**Data block**
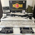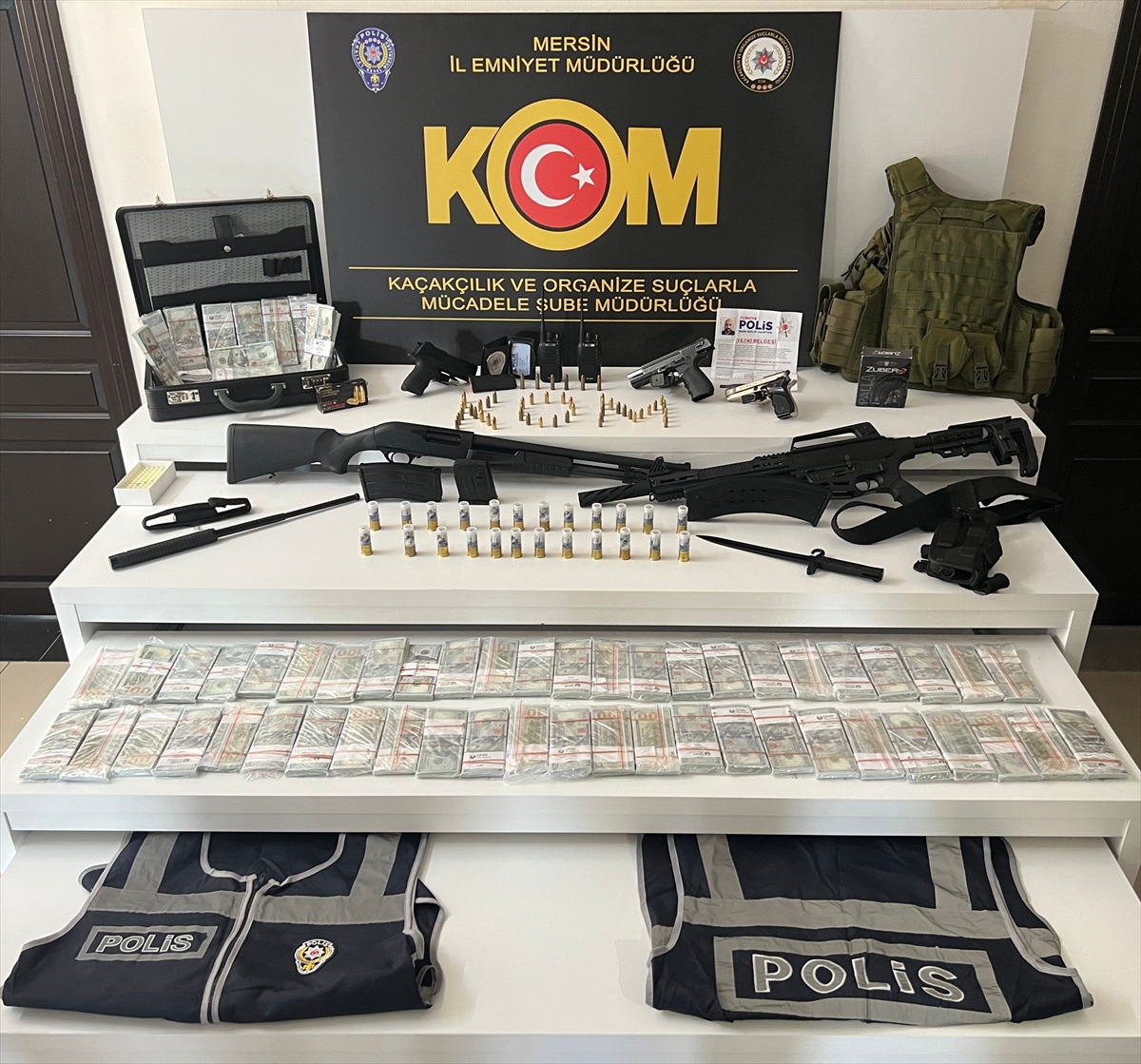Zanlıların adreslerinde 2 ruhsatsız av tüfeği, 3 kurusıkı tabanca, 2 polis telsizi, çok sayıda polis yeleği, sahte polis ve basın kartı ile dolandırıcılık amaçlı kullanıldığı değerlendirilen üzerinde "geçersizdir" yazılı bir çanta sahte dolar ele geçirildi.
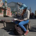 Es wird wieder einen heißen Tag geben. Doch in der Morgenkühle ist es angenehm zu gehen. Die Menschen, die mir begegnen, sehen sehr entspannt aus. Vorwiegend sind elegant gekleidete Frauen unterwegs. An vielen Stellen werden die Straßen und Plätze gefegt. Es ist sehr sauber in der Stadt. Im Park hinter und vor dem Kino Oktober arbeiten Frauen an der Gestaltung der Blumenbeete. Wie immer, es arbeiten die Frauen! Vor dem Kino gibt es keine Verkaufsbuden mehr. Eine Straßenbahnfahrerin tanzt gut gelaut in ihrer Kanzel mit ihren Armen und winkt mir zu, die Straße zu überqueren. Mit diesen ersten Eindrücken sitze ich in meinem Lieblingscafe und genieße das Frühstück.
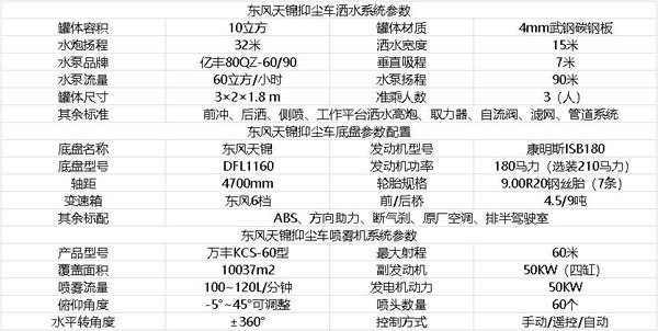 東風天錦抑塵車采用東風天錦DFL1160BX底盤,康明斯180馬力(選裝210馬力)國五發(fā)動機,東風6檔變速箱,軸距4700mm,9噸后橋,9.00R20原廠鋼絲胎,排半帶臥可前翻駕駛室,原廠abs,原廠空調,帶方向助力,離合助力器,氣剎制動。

**To do**
Reproduce all lines above exactly. Leave the images out.

**Task result**
Zanlıların adreslerinde 2 ruhsatsız av tüfeği, 3 kurusıkı tabanca, 2 polis telsizi, çok sayıda polis yeleği, sahte polis ve basın kartı ile dolandırıcılık amaçlı kullanıldığı değerlendirilen üzerinde "geçersizdir" yazılı bir çanta sahte dolar ele geçirildi.
 Es wird wieder einen heißen Tag geben. Doch in der Morgenkühle ist es angenehm zu gehen. Die Menschen, die mir begegnen, sehen sehr entspannt aus. Vorwiegend sind elegant gekleidete Frauen unterwegs. An vielen Stellen werden die Straßen und Plätze gefegt. Es ist sehr sauber in der Stadt. Im Park hinter und vor dem Kino Oktober arbeiten Frauen an der Gestaltung der Blumenbeete. Wie immer, es arbeiten die Frauen! Vor dem Kino gibt es keine Verkaufsbuden mehr. Eine Straßenbahnfahrerin tanzt gut gelaut in ihrer Kanzel mit ihren Armen und winkt mir zu, die Straße zu überqueren. Mit diesen ersten Eindrücken sitze ich in meinem Lieblingscafe und genieße das Frühstück.
 東風天錦抑塵車采用東風天錦DFL1160BX底盤,康明斯180馬力(選裝210馬力)國五發(fā)動機,東風6檔變速箱,軸距4700mm,9噸后橋,9.00R20原廠鋼絲胎,排半帶臥可前翻駕駛室,原廠abs,原廠空調,帶方向助力,離合助力器,氣剎制動。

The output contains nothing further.